Wednesday
of the Nineteenth Week in Ordinary Time
(Deuteronomy 34:1-12; Matthew
18:15-20)
Internet applications like Zoom give
contemporary people the experience of talking to others face-to-face without
actually being in their presence. However marvelous such conversations may be,
they are hardly as intimate as being in one another’s presence. In fact, a current issue in prison reform is
assuring that prisoners have direct, not electronic, access to visitors. In the
first reading today, Moses is exulted for having known the Lord “face to face.”
But what do these words mean and how do they compare with Christian belief that
Christ saw the Father?
Various interpretations of the words are
given. Some say they do not indicate a
direct encounter with the Lord because in the Book of Exodus God tells Moses
that “’no one shall see me and live’” (33:20).
Of course, there is also the very real question of God, a purely
spiritual being, having a material face.
It is best to conclude that Moses enjoyed a spiritual intimacy with God
like no one else before the writing of the Book of Deuteronomy.

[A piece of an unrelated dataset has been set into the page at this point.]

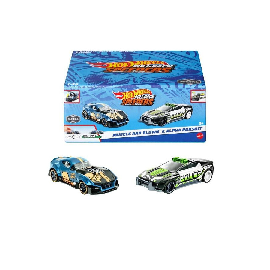 Postaw na rajdowe starcia na pełnych obrotach z tym zestawem dwóch pojazdów Hot Wheels(R) Pull-Back Speeders. Te większe metalowe pojazdy Hot Wheels(R) w skali 1:43 z napędem pull-back wyróżniają się autentycznymi dekoracjami. Każdy samochodzik ma ruchomy element, taki jak silnik albo otwierane drzwi, maska lub bagażnik. Możliwości wymyślania opowieści są nieskończone dzieci i dorośli kolekcjonerzy będą chcieli zebrać wszystkie pojazdy.

At one point in Deuteronomy Moses
himself mentions another prophet who will come after him. This prophet will have God’s own words in his
mouth and bring a definitive revelation of God’s will. The prophecy is fulfilled in Jesus
Christ. The Gospel of John quotes him as
saying that he has seen the Father: “’Not that anyone has seen the Father except
the one who is from God; he has seen the Father’” (6:46). His seeing of the Father constitutes a
knowing that goes beyond Moses’ spiritual intimacy. It is a divine indwelling whereby “I (that
is, he) and the Father are one’” (10:30).
Jesus promises at least an approximation of this indwelling with its
accompanying knowledge of God. He tells
his disciples: “’Blessed are the clean of heart for they shall see God’”
(Matthew 5:8).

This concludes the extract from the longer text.